From 943f51a34dffdd5f2c87aced503ea32af519a21f Mon Sep 17 00:00:00 2001
From: Stephen Akridge <sakridge@gmail.com>
Date: Sun, 22 Dec 2019 10:15:06 -0800
Subject: [PATCH] Build CL by default and include it in the release package.
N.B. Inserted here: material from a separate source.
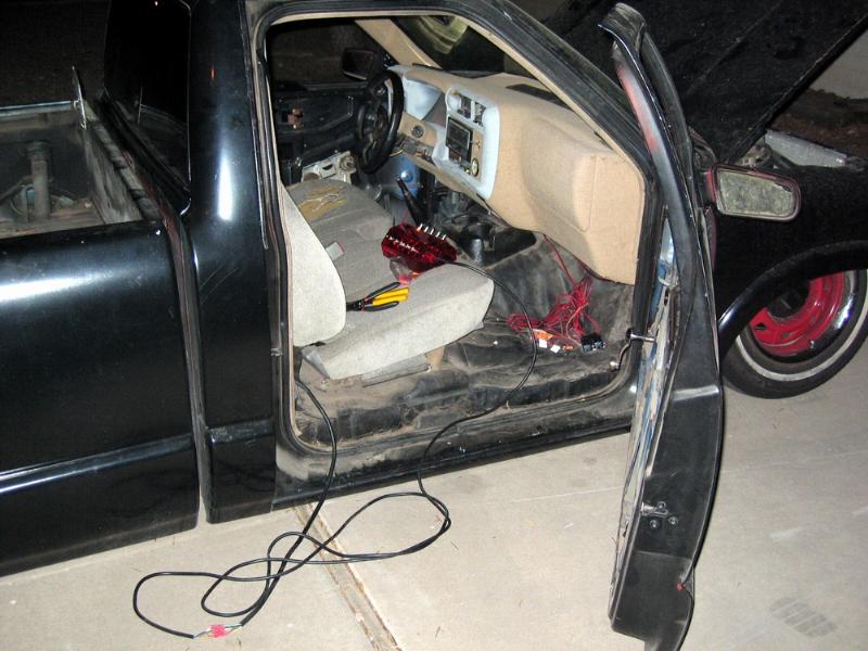 Steering wheel, bench seat, switch box.
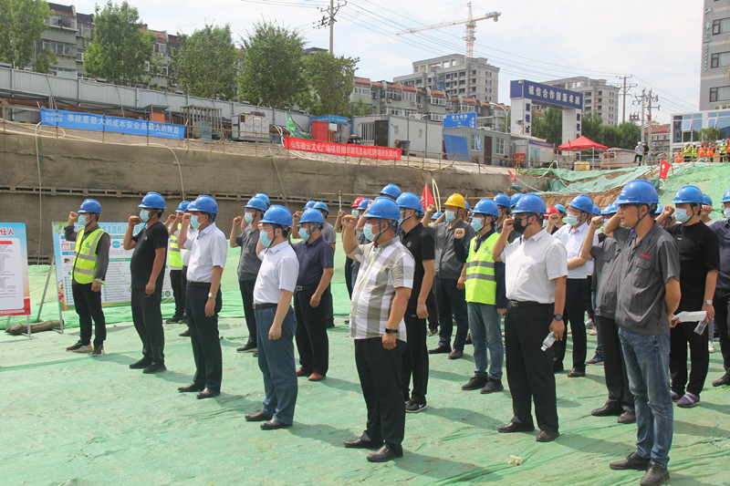 为进一步增强全员安全防范意识,提高突发事件应急处置能力, 6月10日,山东金年会(金字招牌) 直属企业山东建勘在山东德云文化广场项目施工现场开展了以“遵守安全生产法 当好第一责任人”为主题的基坑坍塌、防汛安全事故综合应急演练暨观摩交流会。山东建勘领导班子部分成员、各生产单位(部室)负责人及安全生产相关责任人共计90余人参加。

Stub out unimplemented interfaces.
---
 Makefile                                  |  1 +
 src/Makefile                              | 56 +++++++++++++++--------
 src/{cuda-headers => common}/gpu_common.h |  0
 src/{cuda-crypt => crypt-if}/chacha.h     |  7 +--
 src/cuda-crypt/chacha20_core.cu           | 17 +++++--
 src/cuda-crypt/chacha_cbc.cu              |  2 +-
 src/gpu-common.mk                         |  3 +-
 src/opencl-crypt/cl_chacha.cpp            | 34 ++++++++++++++
 src/opencl-ecc-ed25519/main.cpp           |  2 +
 src/opencl-ecc-ed25519/sign.cpp           |  2 +-
 src/opencl-ecc-ed25519/verify.cpp         | 14 +++++-
 src/opencl-platform/cl_init_platform.cpp  | 30 ++++++------
 src/opencl-poh-verify/cl_poh_verify.cpp   | 17 +++++++
 13 files changed, 139 insertions(+), 46 deletions(-)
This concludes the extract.